We called ourselves a “DevOps” team and, while our KPIs on the monthly reports testified to the improvements we had brought to the project, they weren’t enough if we weren’t properly aligned to the business. The RACI matrix we agreed to with the client listed Chris’ development team as responsible for anything code and application configuration related, while my team was responsible for infrastructure and operating systems. Although each team was designated to the other as “to be consulted,” in practice we’d regressed to the old siloed “operations versus development” mindset since we could simply point to the RACI. More importantly, we had completely missed including the critical development teams into our processes. This meant that we were all working on tiny pieces of the larger puzzle without understanding what was actually needed or what effects we were having, which actually decreased efficiency and reliability across the board.
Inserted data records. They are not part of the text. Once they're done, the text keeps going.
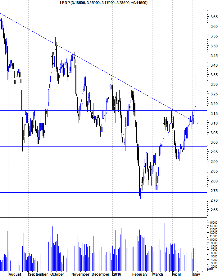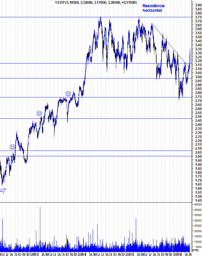 A EDP está a ter hoje um dia fantástico, quebrando a sua resistência horizontal, depois de já ter quebrado a LT descendente. Mais sinais de força da acção.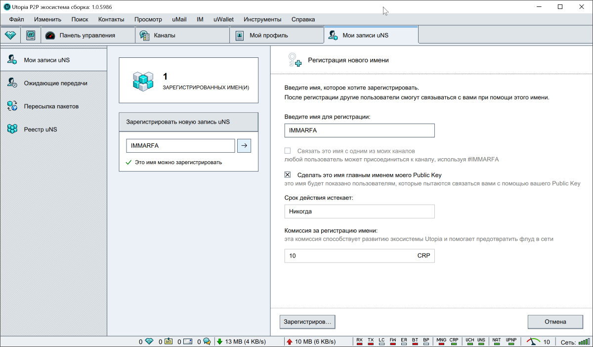 Здесь важно отметить, что для регистрации uNS требуется Crypton. Без него ничего не получится. Стоит удовольствие 10 местных единиц денег.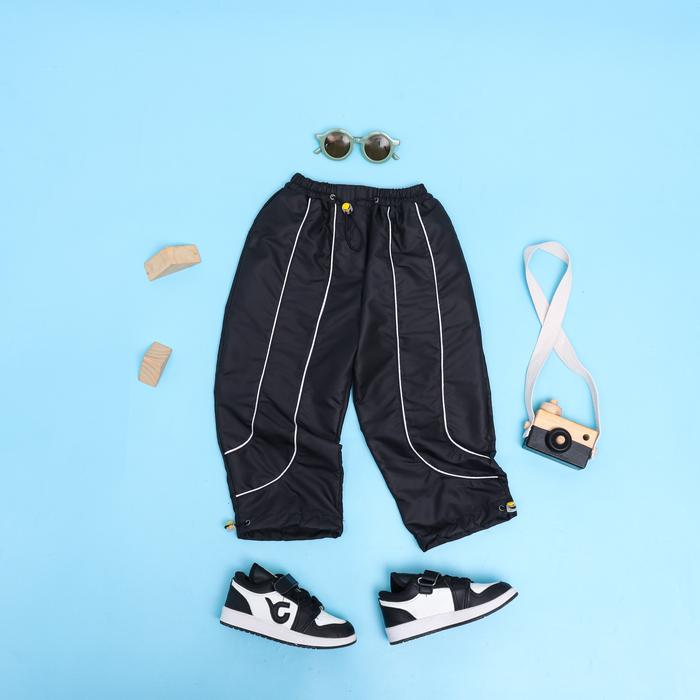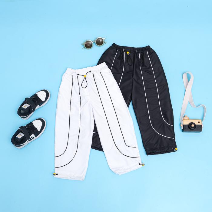 Promo Yameena.Kids Baggy Pants Parachute Celana Panjang Double Stripe Anak Unisex - Hitam S Elegan

These were key lessons and they seemed obvious in retrospect, but they led me to a more important one. I had become part of the problem. I had grown complacent with the quality of my team’s work. Instead of keeping focused on continually improving, I had grown weary of fighting political battles that shouldn’t have existed in the first place had I been properly highlighting project risks and working to improve the processes. I let myself, my team, and the customer down by not remaining vigilant, by acting like an old-school operations manager and not a DevOps lead.